I don't keep Steppe Lemmings in them though, I *could* but any height is totally wasted on them as they don't climb - they really do benefit from wide shallow enclosures. Makes sence if you consider their natural habitat, steppes........

Mice and harvest mice do really well in exo's because they LOVE climbing :2thumb: you can put loads of equipment (natural and shop bought) in them and they will make full use of the full height of the cage.


----------



## coopere (Aug 6, 2008)

I keep my pygmy dormice in an exoterra.


----------



## alfie99 (Oct 12, 2007)

I also keep my Harvest and African Pygmy Dormice in them i use the 45x45x60 and they do very well in them.


----------



## Mikeysm (Sep 26, 2009)

Iv seen Egyptian Spiny Mice kept in Exo's before : victory:


----------



## Fancy Mice (Oct 10, 2006)

Harvest mice info and set up pics here: Fancy Mice


----------



## mouseman11 (Feb 19, 2010)

Thanks for the link fancy_mice,
as for all you others, how rude to publicly taunt us by informing you have mice in exo terras and not post any photos... some people :lol2:


----------



## Tommy123 (Sep 19, 2008)

Hey, thanks for all the info, will look into it more tonight


----------



## KatiePearce (Aug 15, 2008)

this is my harvest mice tank

In this i keep 2 females Pig and Mig.

its an exo terra 30x30x45. i also have a small silent spinner cause the run ALL night lol. GET SOME! theyr great! not good to handle so i wouldnt recommend that.

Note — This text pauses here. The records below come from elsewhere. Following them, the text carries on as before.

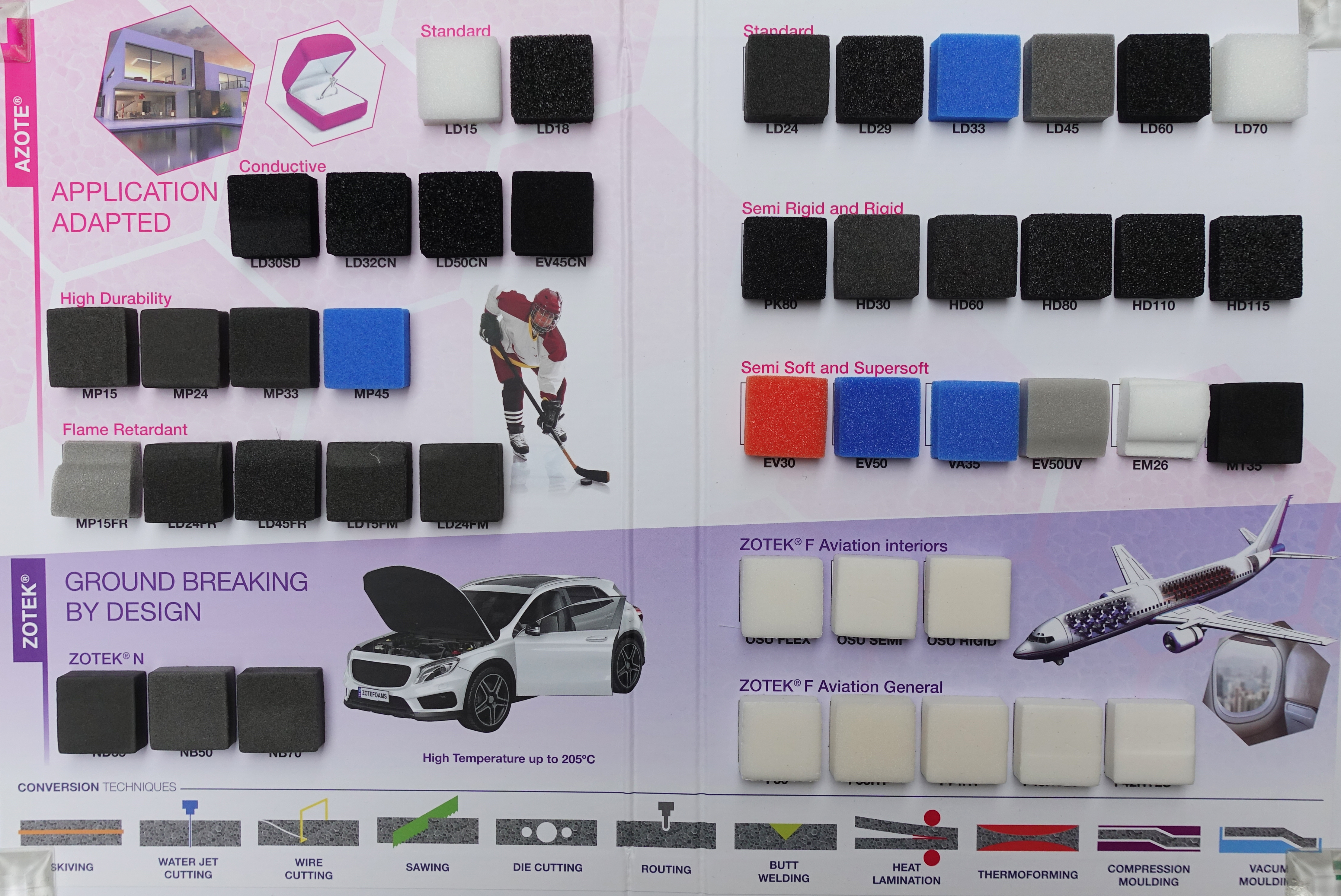 Nitrogen expansion technology is used to create block foams with uniform closed-cell size, low odour and standardised quality. These foams are a polyolefin, a polymer produced from an olefin. First Invented in the UK, the world’s largest manufacturer of lightweight cross-linked polyolefin block foams is Zotefoams who make two families of foam- Azote and Zotek. Within the former are Plastazote, Evazote and Supazote and these are used in numerous industries for many purposes.
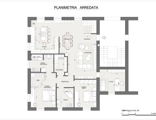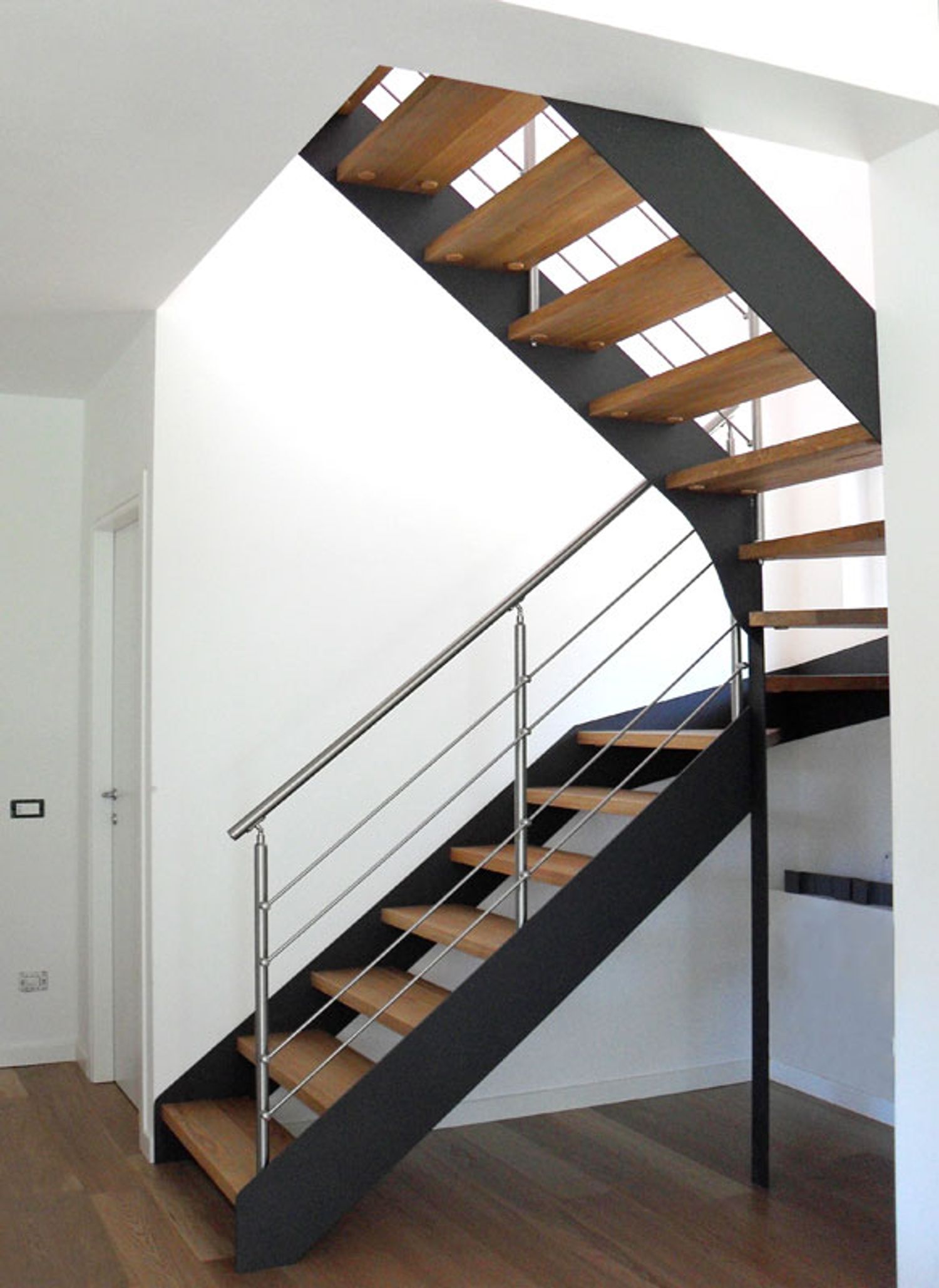 La scala che collega al piano di sopra deve essere fatta con una struttura moderna in metallo preferibilmente scuro e scalini in legno.
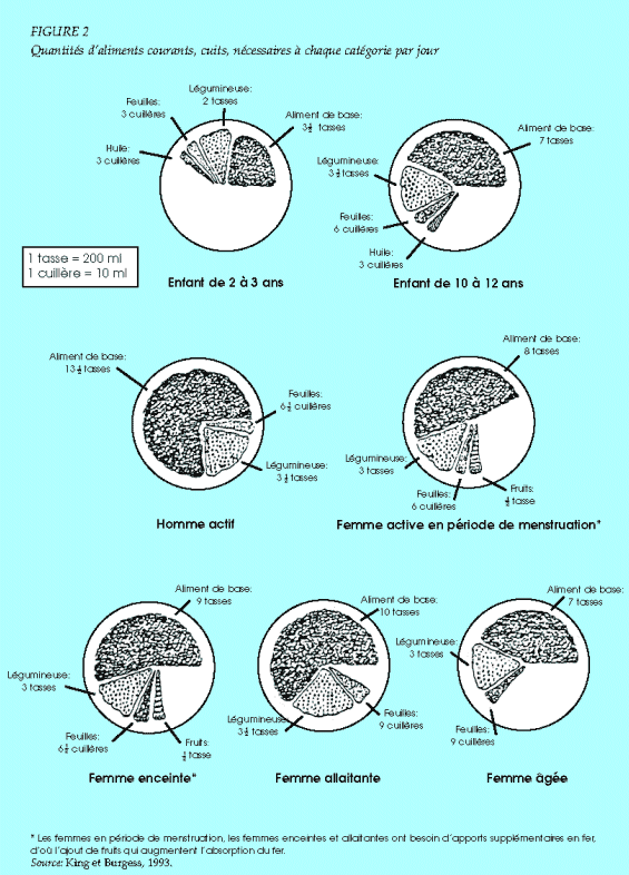 La figure 2 donne une idée générale sur les quantités d'aliments courants, cuits, nécessaires à chaque catégorie par jour.

But good if u just like to observe ur pets.

What do u all feed ur harvest mice? mine just get different bird seeds i.e budgie or canarie and sprigs of millet


----------



## Tommy123 (Sep 19, 2008)

Wow, really nice set-up. I do like watching animals, more than holding them, if I'm honest.


----------



## KatiePearce (Aug 15, 2008)

then these little cuties could be for you! they don't ask for much and they don't require much cleaning either. Just fresh water and seed


----------